= TO DO =
Give back every record verbatim, but not the pictures.

• • •

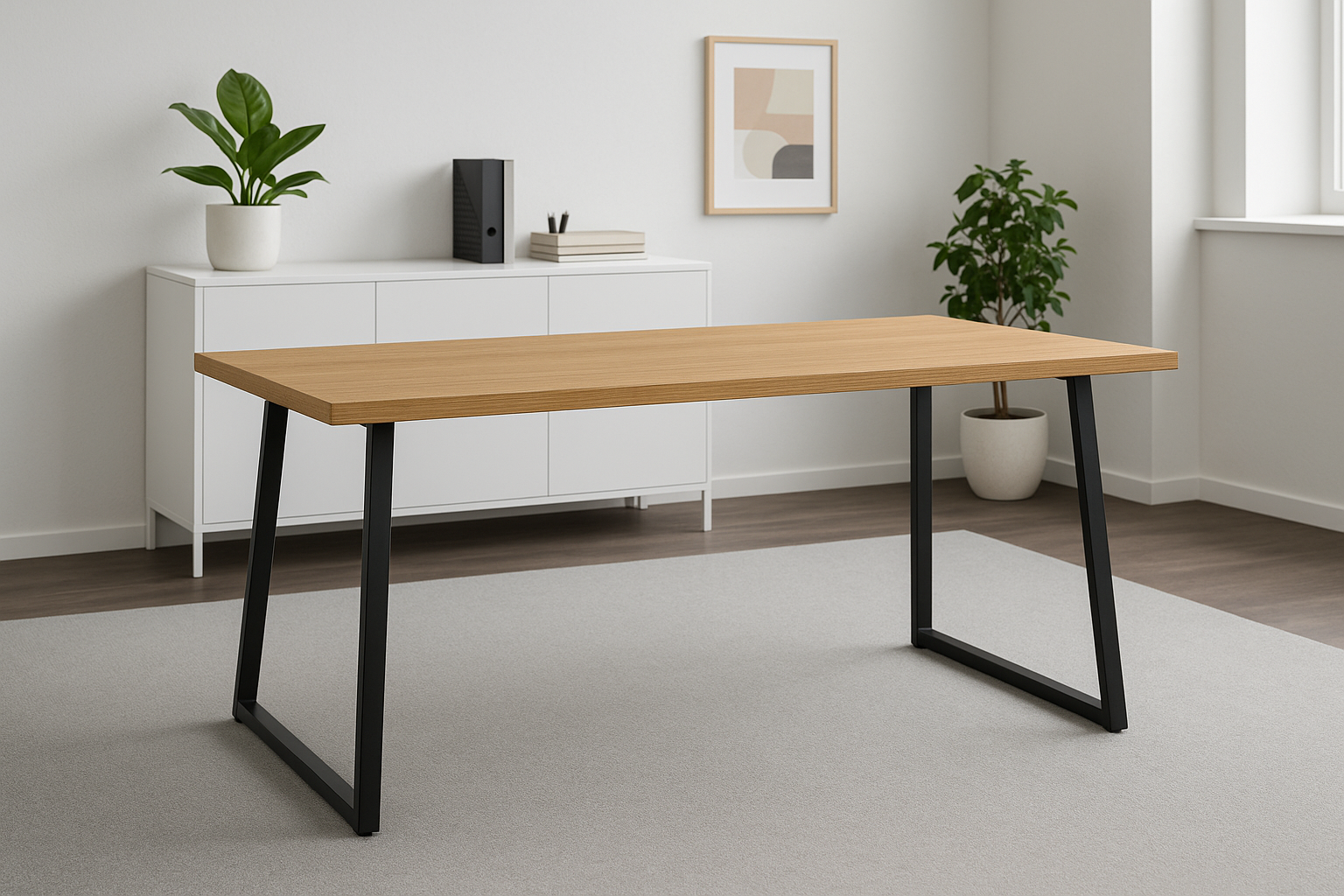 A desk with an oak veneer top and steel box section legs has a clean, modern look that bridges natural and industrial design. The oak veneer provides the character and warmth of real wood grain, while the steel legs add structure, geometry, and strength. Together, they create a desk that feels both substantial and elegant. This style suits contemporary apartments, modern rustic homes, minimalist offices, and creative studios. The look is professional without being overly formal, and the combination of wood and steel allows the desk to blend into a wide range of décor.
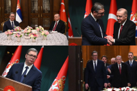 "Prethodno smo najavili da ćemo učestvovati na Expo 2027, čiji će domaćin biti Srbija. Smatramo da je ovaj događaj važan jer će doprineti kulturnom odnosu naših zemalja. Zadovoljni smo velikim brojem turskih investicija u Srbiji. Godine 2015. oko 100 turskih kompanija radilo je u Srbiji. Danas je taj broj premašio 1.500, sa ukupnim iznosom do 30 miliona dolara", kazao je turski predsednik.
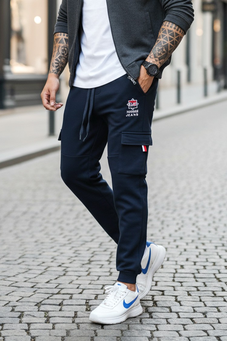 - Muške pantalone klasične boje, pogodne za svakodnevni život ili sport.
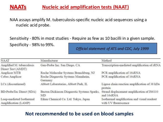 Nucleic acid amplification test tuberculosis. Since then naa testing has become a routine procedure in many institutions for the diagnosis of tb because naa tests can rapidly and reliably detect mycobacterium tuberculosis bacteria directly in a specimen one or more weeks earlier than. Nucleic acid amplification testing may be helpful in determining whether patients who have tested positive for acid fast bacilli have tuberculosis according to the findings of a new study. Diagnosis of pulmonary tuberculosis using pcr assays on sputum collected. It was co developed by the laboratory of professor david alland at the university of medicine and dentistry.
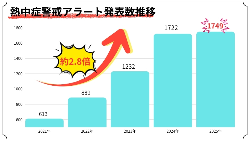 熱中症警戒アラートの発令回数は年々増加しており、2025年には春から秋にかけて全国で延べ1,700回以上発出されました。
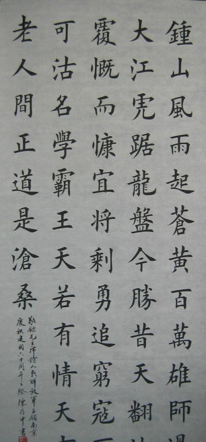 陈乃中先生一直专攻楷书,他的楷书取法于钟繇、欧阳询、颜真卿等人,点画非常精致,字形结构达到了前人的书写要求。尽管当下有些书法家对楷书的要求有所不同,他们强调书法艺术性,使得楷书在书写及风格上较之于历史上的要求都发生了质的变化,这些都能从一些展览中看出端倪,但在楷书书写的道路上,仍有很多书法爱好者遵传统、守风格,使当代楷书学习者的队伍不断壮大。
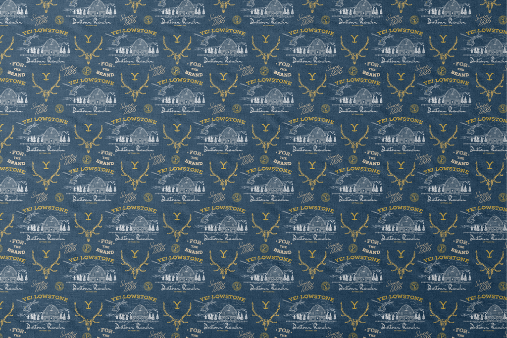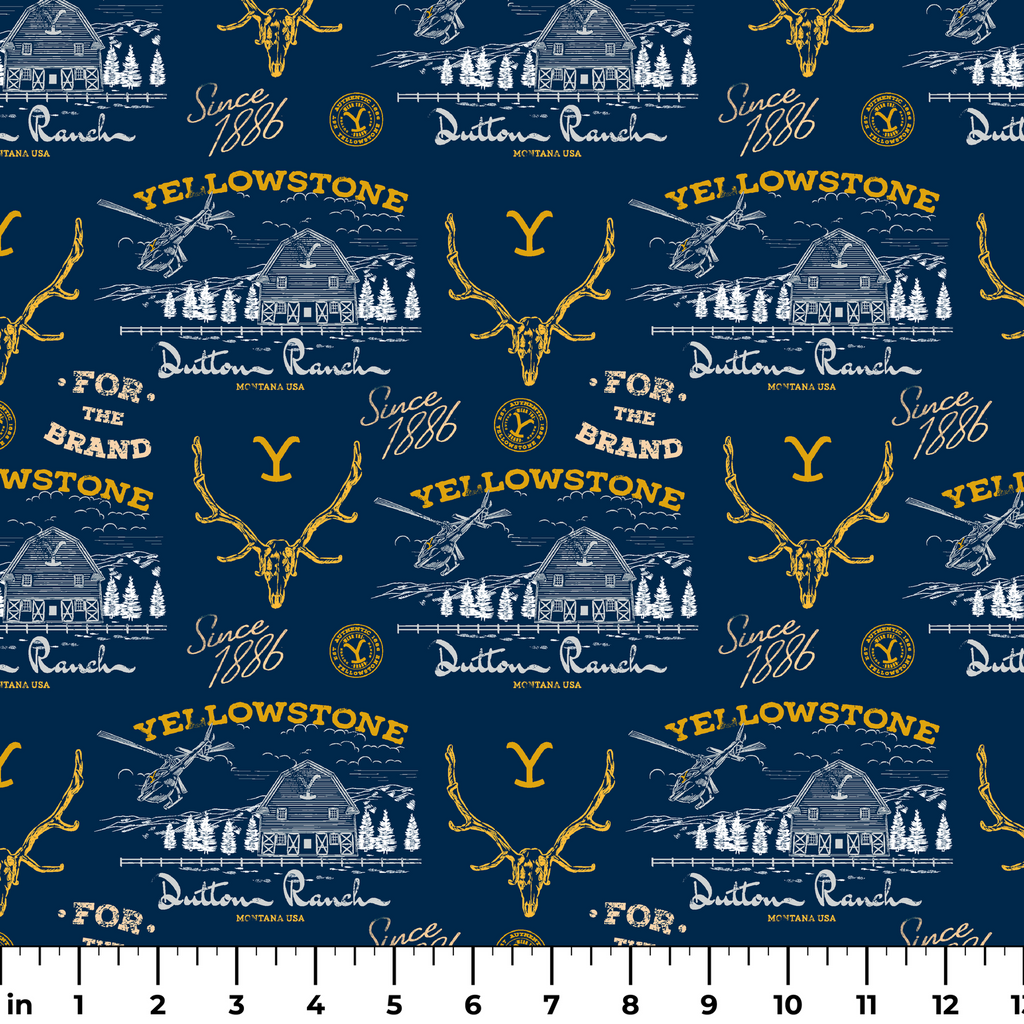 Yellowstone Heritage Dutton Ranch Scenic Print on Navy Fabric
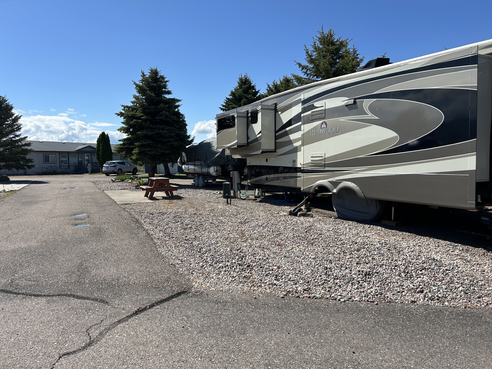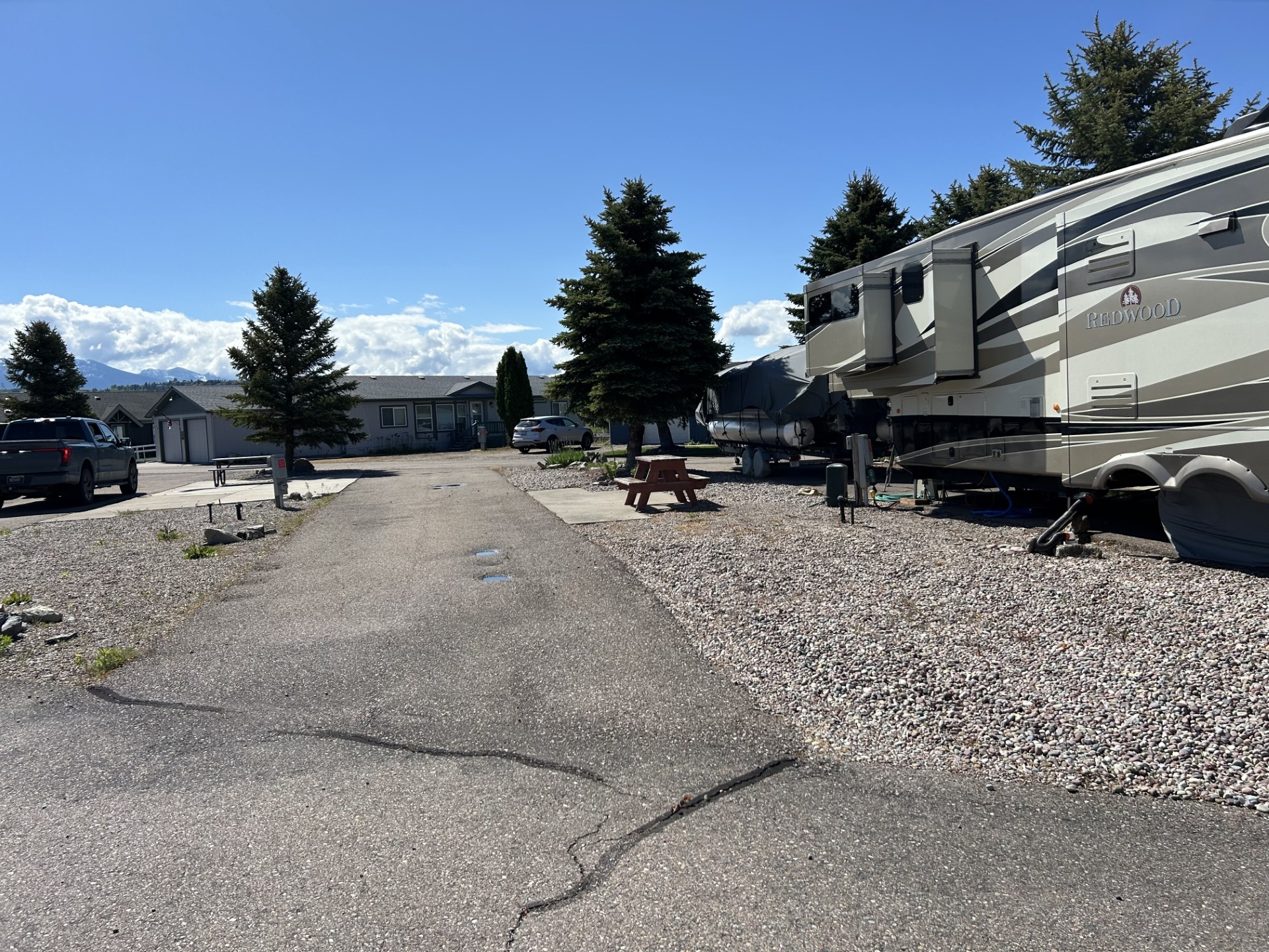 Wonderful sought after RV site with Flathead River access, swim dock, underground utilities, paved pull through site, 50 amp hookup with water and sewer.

• • •

= EXERCISE RESPONSE =
 A desk with an oak veneer top and steel box section legs has a clean, modern look that bridges natural and industrial design. The oak veneer provides the character and warmth of real wood grain, while the steel legs add structure, geometry, and strength. Together, they create a desk that feels both substantial and elegant. This style suits contemporary apartments, modern rustic homes, minimalist offices, and creative studios. The look is professional without being overly formal, and the combination of wood and steel allows the desk to blend into a wide range of décor.
 "Prethodno smo najavili da ćemo učestvovati na Expo 2027, čiji će domaćin biti Srbija. Smatramo da je ovaj događaj važan jer će doprineti kulturnom odnosu naših zemalja. Zadovoljni smo velikim brojem turskih investicija u Srbiji. Godine 2015. oko 100 turskih kompanija radilo je u Srbiji. Danas je taj broj premašio 1.500, sa ukupnim iznosom do 30 miliona dolara", kazao je turski predsednik.
 - Muške pantalone klasične boje, pogodne za svakodnevni život ili sport.
 Nucleic acid amplification test tuberculosis. Since then naa testing has become a routine procedure in many institutions for the diagnosis of tb because naa tests can rapidly and reliably detect mycobacterium tuberculosis bacteria directly in a specimen one or more weeks earlier than. Nucleic acid amplification testing may be helpful in determining whether patients who have tested positive for acid fast bacilli have tuberculosis according to the findings of a new study. Diagnosis of pulmonary tuberculosis using pcr assays on sputum collected. It was co developed by the laboratory of professor david alland at the university of medicine and dentistry.
 熱中症警戒アラートの発令回数は年々増加しており、2025年には春から秋にかけて全国で延べ1,700回以上発出されました。
 陈乃中先生一直专攻楷书,他的楷书取法于钟繇、欧阳询、颜真卿等人,点画非常精致,字形结构达到了前人的书写要求。尽管当下有些书法家对楷书的要求有所不同,他们强调书法艺术性,使得楷书在书写及风格上较之于历史上的要求都发生了质的变化,这些都能从一些展览中看出端倪,但在楷书书写的道路上,仍有很多书法爱好者遵传统、守风格,使当代楷书学习者的队伍不断壮大。
 Yellowstone Heritage Dutton Ranch Scenic Print on Navy Fabric
 Wonderful sought after RV site with Flathead River access, swim dock, underground utilities, paved pull through site, 50 amp hookup with water and sewer.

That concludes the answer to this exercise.